Word for word, copy the lines beginning at the one with "12. Sınıf İnkılap" and ending at the last line below; pictures stay out.

[Collected data entries]
- - -
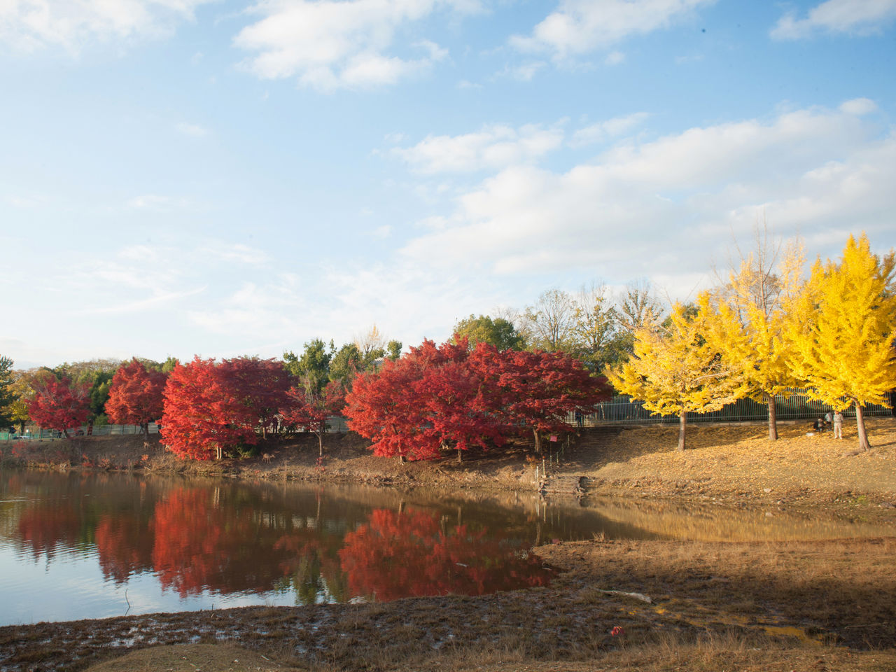 Los alrededores del pabellón del Gran Buda suelen estar colmados de turistas, pero si se dirige un poco más al noroeste, con dirección al estanque del Gran Buda, podrá disfrutar en un entorno sereno del hermoso follaje otoñal. Los árboles a las orillas del estanque se tiñen de rojo y amarillo durante el otoño y, con su follaje, dan color al solemne del pabellón del Gran Buda.
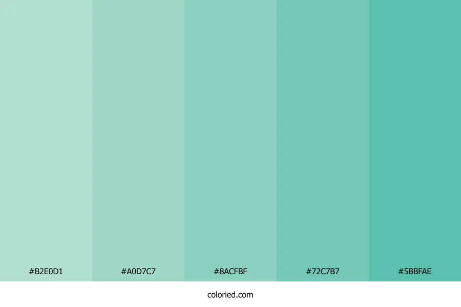 ![]() | #B2E0D1 | 178, 224, 209 | 160, 43%, 79% | 21%, 0%, 7%, 12% | oklch(0.870 0.052 173) |
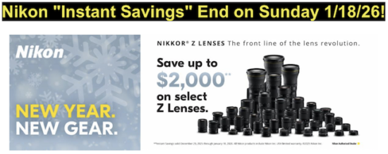 The Nikon USA rebates are ending tomorrow, January 18, 2026: B&H Photo | Paul’s Photo | Service Photo. Rebates by categories (see full list):
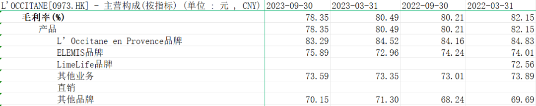 并且值得一提的是,2020年以前歐舒丹已經(jīng)維持了十年的超80%的毛利率水平,遠(yuǎn)超歐萊雅、資生堂、雅詩蘭黛等一眾美妝品牌。
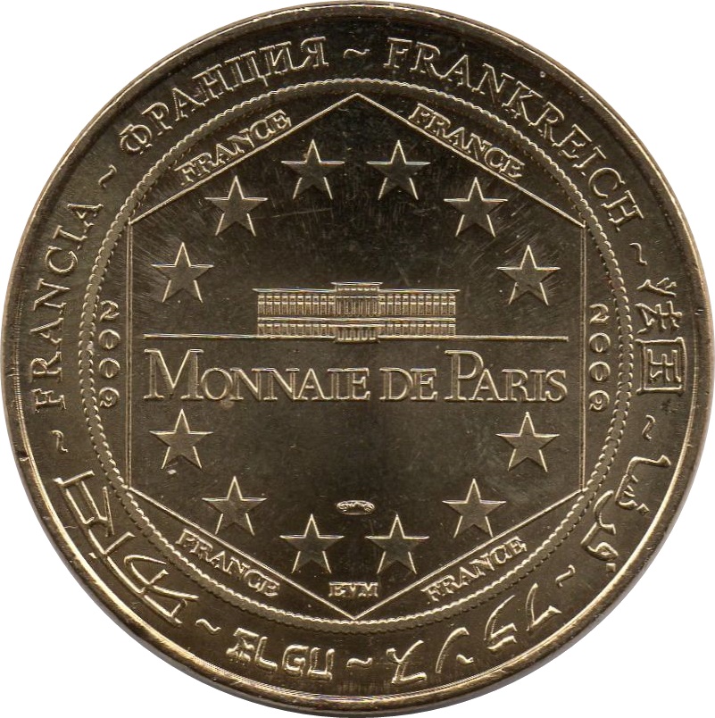 Опис: На периферії слово «Франція» написано вісьмома мовами. Франція у верхній і нижній частинах шестикутника, рік праворуч і ліворуч. У центрі — будівля Monnaie de Paris з 6 зірками зверху і знизу.
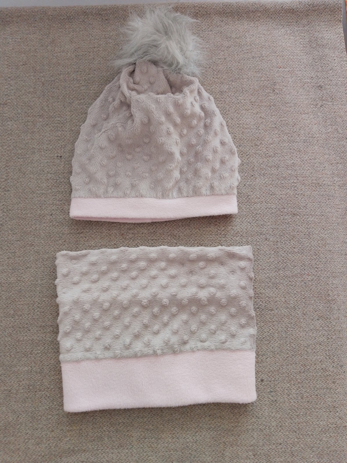 Detský set : zimná čiapka + nákrčník v super stave. Nosené, ale bez poškodenia, dier a fľakov. Len drobučké minižmolky. Rozmery - viď foto. Čiapka aj nákrčník sú podšité mäkkým a hrejivým flísom. Vrchná vrstva je tiež flís. Ku čiapke je huňatý brmbolec, ktorý sa dá odopnúť. Čiapka sa dá nosiť s brmbolcom aj bez neho.
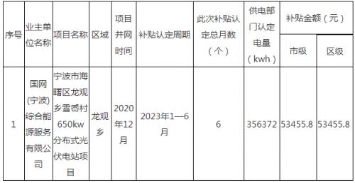 根據(jù)《寧波市家庭屋頂光伏補(bǔ)貼專項(xiàng)資金管理暫行辦法》(甬發(fā)改能源〔2018〕36號(hào))、《海曙區(qū)節(jié)能降耗專項(xiàng)資金管理辦法》(海發(fā)改〔2019〕36號(hào))等文件精神,海曙區(qū)2023年上半年符合非自然人家庭屋頂光伏發(fā)電補(bǔ)貼項(xiàng)目共1個(gè),總并網(wǎng)容量650kw,2023年上半年補(bǔ)貼發(fā)電周期為2023年1月1日至2023年6月30日,合計(jì)發(fā)電量356372千瓦時(shí),需撥付補(bǔ)貼資金106911.6元(其中:市級(jí)補(bǔ)貼資金53455.8元,區(qū)級(jí)配套補(bǔ)助資金53455.8元)。
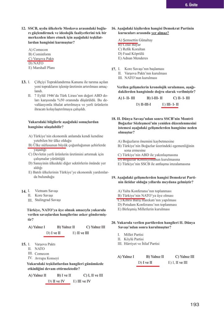 12. Sınıf İnkılap Tarihi Meb Yayınları Sayfa 193 Cevapları / Cevabı
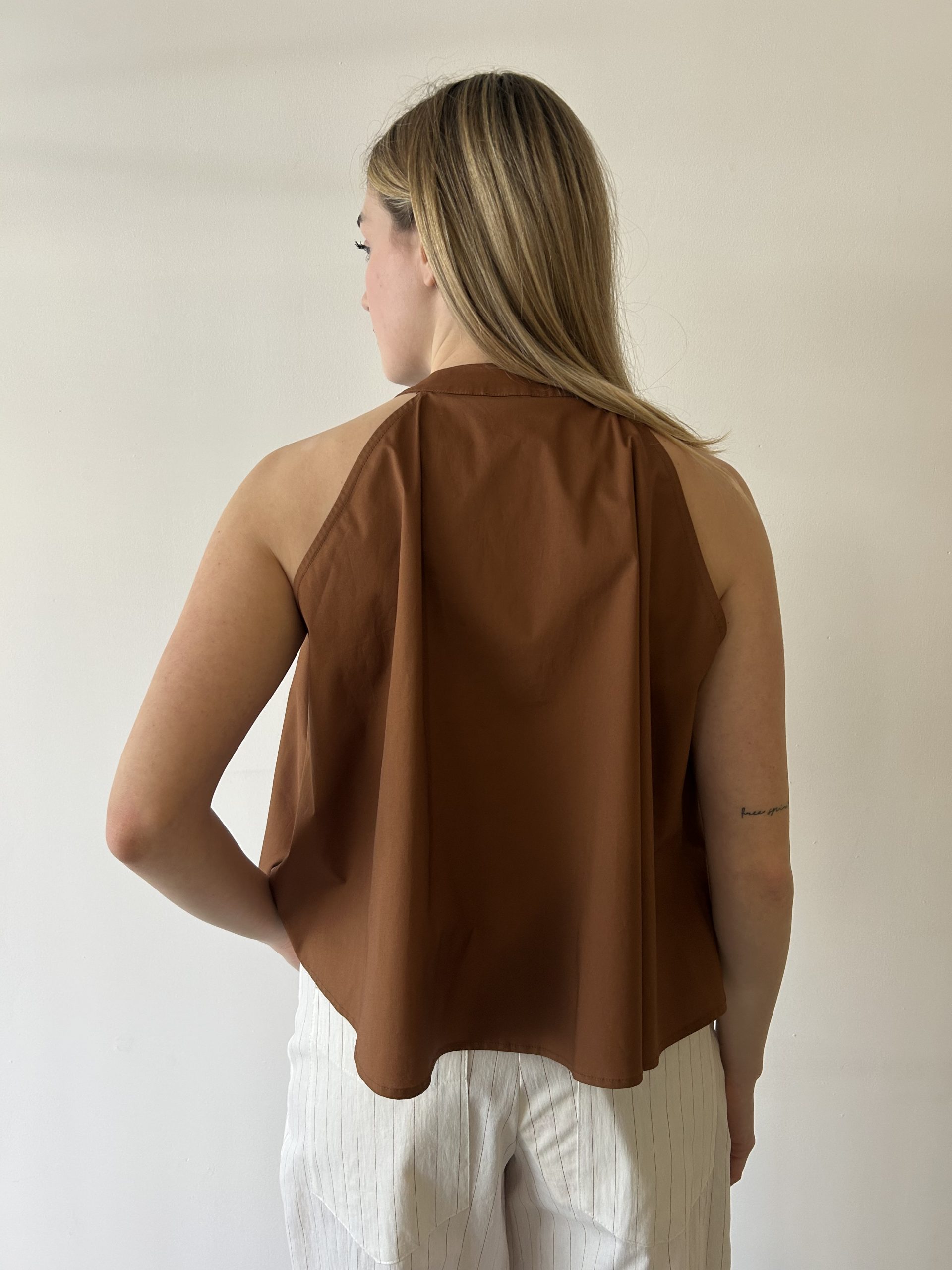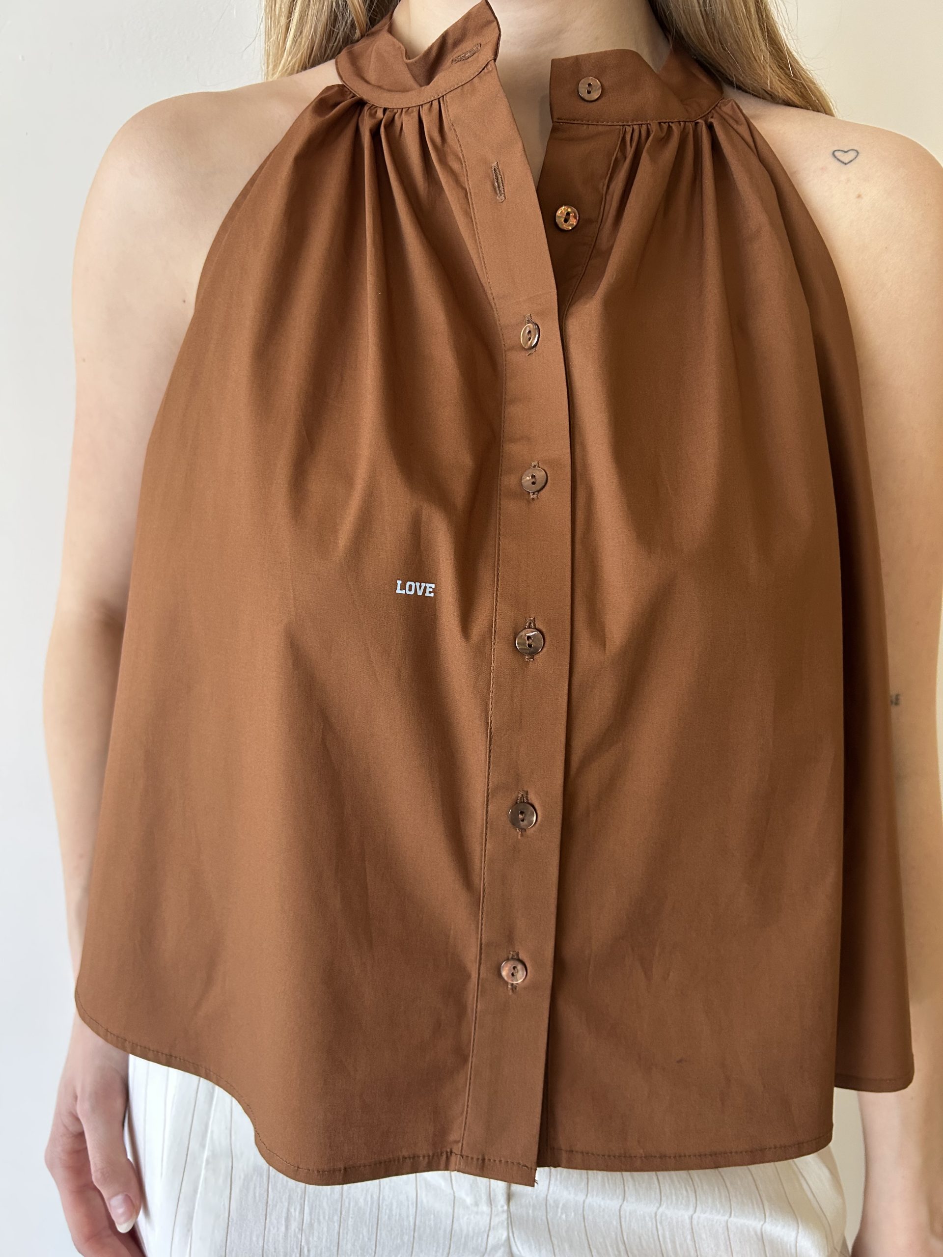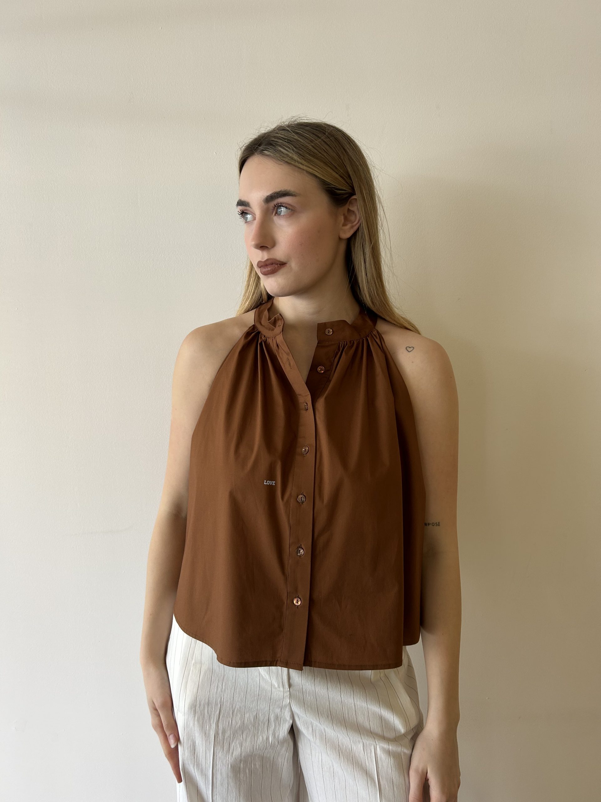 Top in popeline con scollo all’americana. Vestibilità regolare.
- - -
SOLUTION FOR THIS TASK:
 12. Sınıf İnkılap Tarihi Meb Yayınları Sayfa 193 Cevapları / Cevabı
 Top in popeline con scollo all’americana. Vestibilità regolare.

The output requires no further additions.